Probably the major culprit of malware in advertising comes from a practice called real-time bidding. When you go to load a web page that has real-time bidding, an ad company like AppNexus (or many others) asks for bids for placing ads on your page. The solicitation gives a quick profile of who you are in terms of age, demographics, geography, etc. The highest bidder then gets the ad space, and this all happens in a flash. The problem with this kind of system is that nobody has time to monitor the ads that are placed and so malicious advertisers gain access to you by bidding the highest. And they don’t have to bid much. It takes only a very tiny fraction of a penny to get an ad placed at one specific user.

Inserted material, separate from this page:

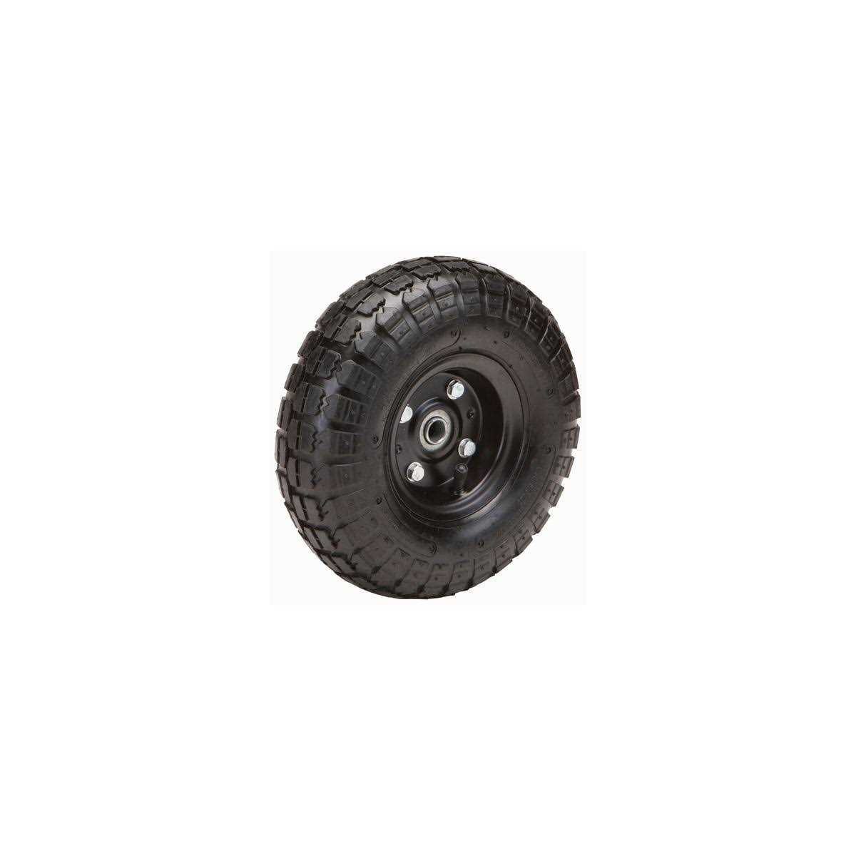 This pneumatic tire is the perfect replacement for wagons, hand trucks and yard trailers. The tire features a heavy duty steel hub with a powder coat finish for durability and a knobby all-terrain tread for lawn and garden applications. This quality rubber tire is a great backup for any landscaper or gardener.

The malicious ads don’t look malicious and are usually disguised to look like an ad for some normal company. But the purpose of the malicious ad is to put a piece of code on your computer. The bad news these days is that you don’t have to click on the ad to get the bad software – the act of opening the web page is often enough to activate it.

I run a malware checker regularly and I am amazed at how many pieces of malicious software I get regularly. It is not unusual for my computer to have picked up a hundred pieces of malware within three days after having scrubbed it. I don’t shop much on-line, but I read a lot of articles and I assume that is the source of most of my malware.

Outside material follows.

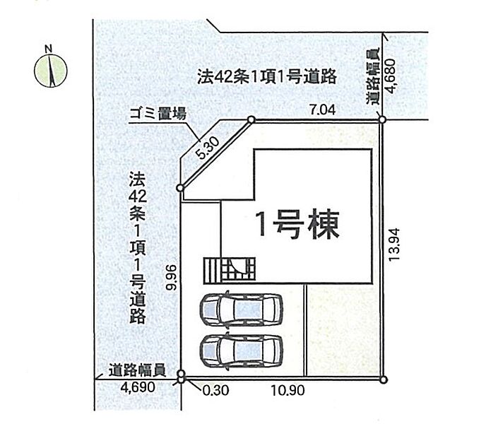 | 駐車場 | 2台 | 道路の幅員 | :北4.6m 西4.6m |

According to my malware software, most of the bad things that I pick up are adware, which they define as a piece of code that is gathering and transmitting data about me to the world. These days adware is generally something a little more complex than a cookie. Cookies are somewhat passive files that sit on your machine to tell somebody later that you have already been to a certain web site or something similar. Think of adware as cookies+ in that they gather specific data and either store it for later retrieval or, in the worst cases send it out to the world.

I’d say 99% of what I get is adware with only the occasional more malicious malware, which could be a virus or some other nasty piece of code. But think about what I am getting. I am inadvertently downloading 100 pieces of adware within just a few days, each of which is looking for specific facts about me and reporting back to whoever placed the malware. I am sure that mostly they are tracking the web sites I’ve visited in order to build up a more detailed profile about me. But these little pieces of malware can pick up almost anything else from bank account numbers to passwords.

I think we all understand that half of what is on the web these days is designed to build a profile for each of us. But I don’t think most people realize how intrusive this effort has become. They are not building a profile by slowly studying your web usage. They are spying on your directly to know everything you do. It’s a bit scary when the most dangerous place on the web is a search engine or a major news site that has ads.

Yesterday I talked about ad blocking and perhaps this is what is going to save us from this rash of malicious malware and adware. Certainly if somebody will block all ads to my computer then I can’t be receiving ads with malware. But I would be just as happy if somebody could deliver ads to my machine that are certifiably safe. It doesn’t take a lot of effort for an ad company to test an ad first to make sure it doesn’t leave bad code behind. But that can’t be done in a process where an ad space is advertised and subscribed in milliseconds. This gives the bad guys a really cheap way to get their ads to anybody they want.

So I think Google is onto something with their product that can block all ads. But as I described yesterday, Google is not the last company in the chain between a web site and a user, so I am guessing that even with Google ad blocking that some ads and malware are still introduced after Google has wiped out the first ads. Your ISP is the last entity to touch the data stream coming to your house and thus has the final chance to get rid of malware. I think ISPs might be missing the opportunity to offer better security to their customers by either blocking ads or by making sure that ads are safe.